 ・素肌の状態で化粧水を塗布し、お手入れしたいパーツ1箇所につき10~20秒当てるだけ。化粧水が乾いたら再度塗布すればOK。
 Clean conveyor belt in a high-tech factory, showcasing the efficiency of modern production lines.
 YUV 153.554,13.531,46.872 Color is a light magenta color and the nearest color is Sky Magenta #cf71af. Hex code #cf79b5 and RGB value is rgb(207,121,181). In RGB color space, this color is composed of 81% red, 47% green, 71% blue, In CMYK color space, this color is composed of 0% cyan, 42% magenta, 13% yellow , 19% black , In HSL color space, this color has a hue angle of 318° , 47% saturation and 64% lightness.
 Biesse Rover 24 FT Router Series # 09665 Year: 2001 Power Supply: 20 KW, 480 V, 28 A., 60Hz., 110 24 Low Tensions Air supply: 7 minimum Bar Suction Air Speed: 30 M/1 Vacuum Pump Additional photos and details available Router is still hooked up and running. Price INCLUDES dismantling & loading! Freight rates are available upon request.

============================================================

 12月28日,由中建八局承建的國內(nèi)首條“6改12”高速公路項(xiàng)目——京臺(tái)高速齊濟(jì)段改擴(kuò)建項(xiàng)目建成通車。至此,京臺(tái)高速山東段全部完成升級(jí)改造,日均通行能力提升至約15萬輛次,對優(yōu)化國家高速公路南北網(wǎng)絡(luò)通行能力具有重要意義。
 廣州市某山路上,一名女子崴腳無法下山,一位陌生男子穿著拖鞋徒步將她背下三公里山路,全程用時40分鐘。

============================================================

● **WORK REQUIRED**
The expected output is exactly the lines of the listing above between the line holding "12月28日,由中建八局承建" and the line holding "廣州市某山路上,一名女子崴腳", inclusive.

● **WRITTEN RESPONSE**
 12月28日,由中建八局承建的國內(nèi)首條“6改12”高速公路項(xiàng)目——京臺(tái)高速齊濟(jì)段改擴(kuò)建項(xiàng)目建成通車。至此,京臺(tái)高速山東段全部完成升級(jí)改造,日均通行能力提升至約15萬輛次,對優(yōu)化國家高速公路南北網(wǎng)絡(luò)通行能力具有重要意義。
 廣州市某山路上,一名女子崴腳無法下山,一位陌生男子穿著拖鞋徒步將她背下三公里山路,全程用時40分鐘。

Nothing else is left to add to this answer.